*ENTRIES SUPPLIED*
========================

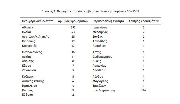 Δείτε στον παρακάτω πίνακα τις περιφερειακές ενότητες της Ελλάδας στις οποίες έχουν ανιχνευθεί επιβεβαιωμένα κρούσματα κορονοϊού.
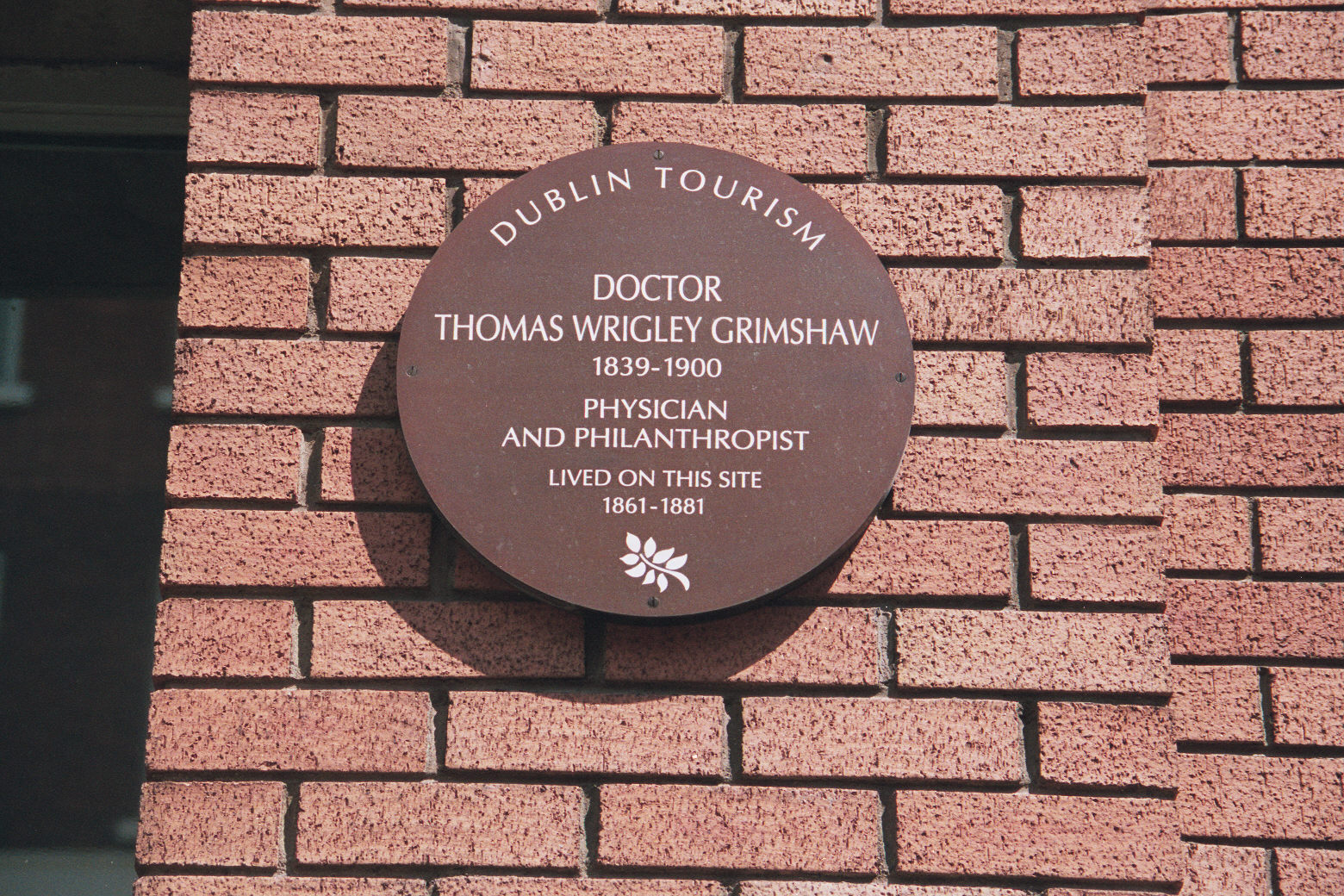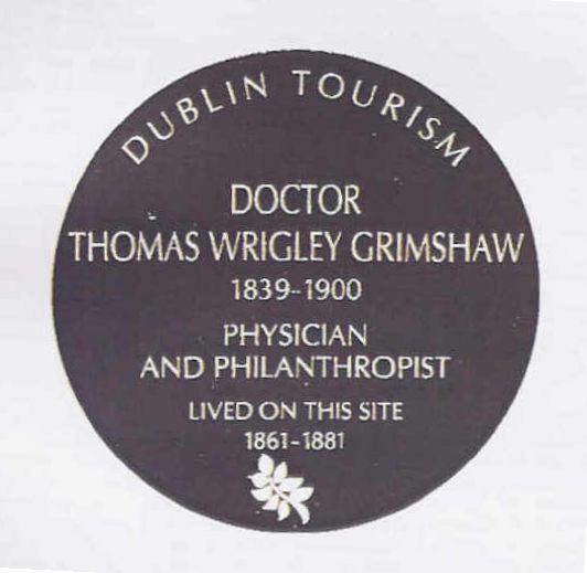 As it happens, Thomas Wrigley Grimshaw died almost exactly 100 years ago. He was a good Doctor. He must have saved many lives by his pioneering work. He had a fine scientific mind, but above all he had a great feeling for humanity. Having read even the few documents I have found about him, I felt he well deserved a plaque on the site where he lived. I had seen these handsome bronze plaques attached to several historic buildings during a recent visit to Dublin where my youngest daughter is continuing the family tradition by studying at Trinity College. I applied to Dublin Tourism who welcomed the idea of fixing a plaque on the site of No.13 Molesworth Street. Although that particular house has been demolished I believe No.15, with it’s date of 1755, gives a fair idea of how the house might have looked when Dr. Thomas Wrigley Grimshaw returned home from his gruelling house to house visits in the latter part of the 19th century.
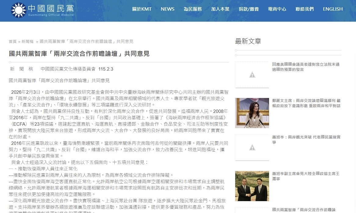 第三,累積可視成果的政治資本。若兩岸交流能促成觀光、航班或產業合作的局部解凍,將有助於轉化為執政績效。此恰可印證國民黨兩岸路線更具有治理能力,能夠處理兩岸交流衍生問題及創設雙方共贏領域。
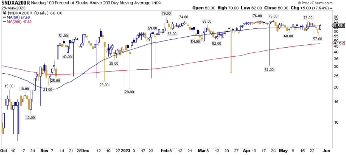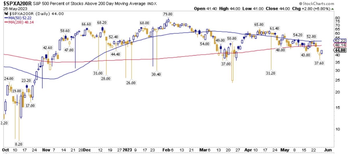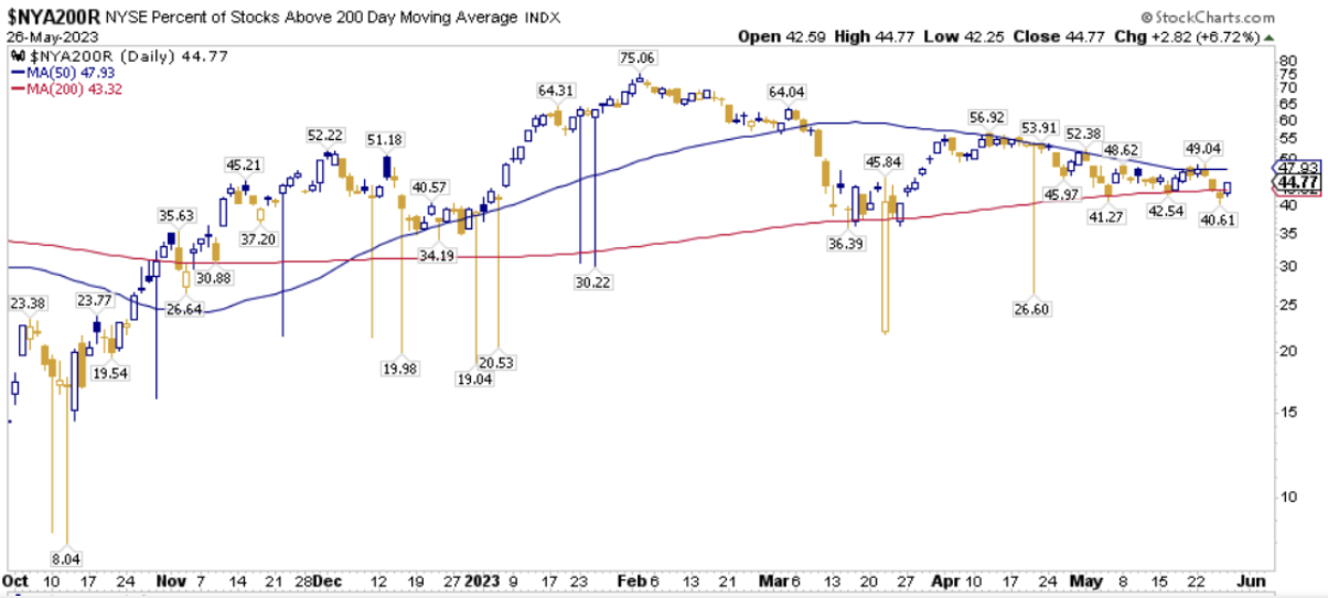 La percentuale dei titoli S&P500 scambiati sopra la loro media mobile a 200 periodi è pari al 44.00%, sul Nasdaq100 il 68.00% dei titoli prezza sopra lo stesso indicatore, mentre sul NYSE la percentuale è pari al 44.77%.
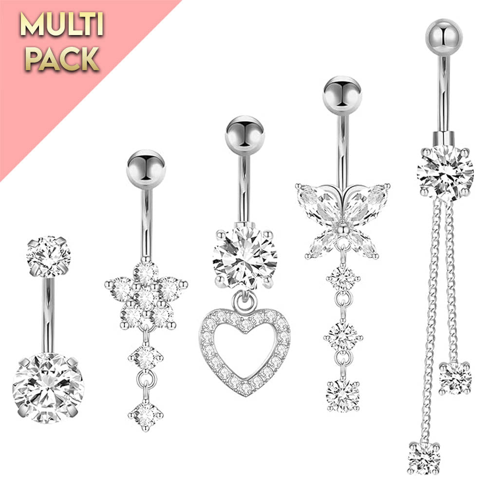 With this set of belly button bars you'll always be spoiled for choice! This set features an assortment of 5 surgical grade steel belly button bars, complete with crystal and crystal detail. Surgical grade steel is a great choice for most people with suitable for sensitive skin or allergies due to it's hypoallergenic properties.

========================

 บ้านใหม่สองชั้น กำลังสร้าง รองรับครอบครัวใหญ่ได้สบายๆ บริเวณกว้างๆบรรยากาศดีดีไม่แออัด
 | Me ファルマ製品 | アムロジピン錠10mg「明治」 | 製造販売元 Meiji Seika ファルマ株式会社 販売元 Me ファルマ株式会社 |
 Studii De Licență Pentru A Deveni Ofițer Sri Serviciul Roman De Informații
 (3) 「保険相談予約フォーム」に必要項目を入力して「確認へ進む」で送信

========================

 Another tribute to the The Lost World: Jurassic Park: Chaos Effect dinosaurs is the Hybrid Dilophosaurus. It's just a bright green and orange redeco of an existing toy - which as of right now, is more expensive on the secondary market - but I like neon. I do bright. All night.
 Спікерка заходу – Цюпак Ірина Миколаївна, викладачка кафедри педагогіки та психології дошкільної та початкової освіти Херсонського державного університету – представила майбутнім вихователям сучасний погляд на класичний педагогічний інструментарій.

========================

Give again the stretch of lines above from the one with "Δείτε στον παρακάτω" through the one with "With this set", both ends kept, and copy no pictures.

*SOLUTION*
 Δείτε στον παρακάτω πίνακα τις περιφερειακές ενότητες της Ελλάδας στις οποίες έχουν ανιχνευθεί επιβεβαιωμένα κρούσματα κορονοϊού.
 As it happens, Thomas Wrigley Grimshaw died almost exactly 100 years ago. He was a good Doctor. He must have saved many lives by his pioneering work. He had a fine scientific mind, but above all he had a great feeling for humanity. Having read even the few documents I have found about him, I felt he well deserved a plaque on the site where he lived. I had seen these handsome bronze plaques attached to several historic buildings during a recent visit to Dublin where my youngest daughter is continuing the family tradition by studying at Trinity College. I applied to Dublin Tourism who welcomed the idea of fixing a plaque on the site of No.13 Molesworth Street. Although that particular house has been demolished I believe No.15, with it’s date of 1755, gives a fair idea of how the house might have looked when Dr. Thomas Wrigley Grimshaw returned home from his gruelling house to house visits in the latter part of the 19th century.
 第三,累積可視成果的政治資本。若兩岸交流能促成觀光、航班或產業合作的局部解凍,將有助於轉化為執政績效。此恰可印證國民黨兩岸路線更具有治理能力,能夠處理兩岸交流衍生問題及創設雙方共贏領域。
 La percentuale dei titoli S&P500 scambiati sopra la loro media mobile a 200 periodi è pari al 44.00%, sul Nasdaq100 il 68.00% dei titoli prezza sopra lo stesso indicatore, mentre sul NYSE la percentuale è pari al 44.77%.
 With this set of belly button bars you'll always be spoiled for choice! This set features an assortment of 5 surgical grade steel belly button bars, complete with crystal and crystal detail. Surgical grade steel is a great choice for most people with suitable for sensitive skin or allergies due to it's hypoallergenic properties.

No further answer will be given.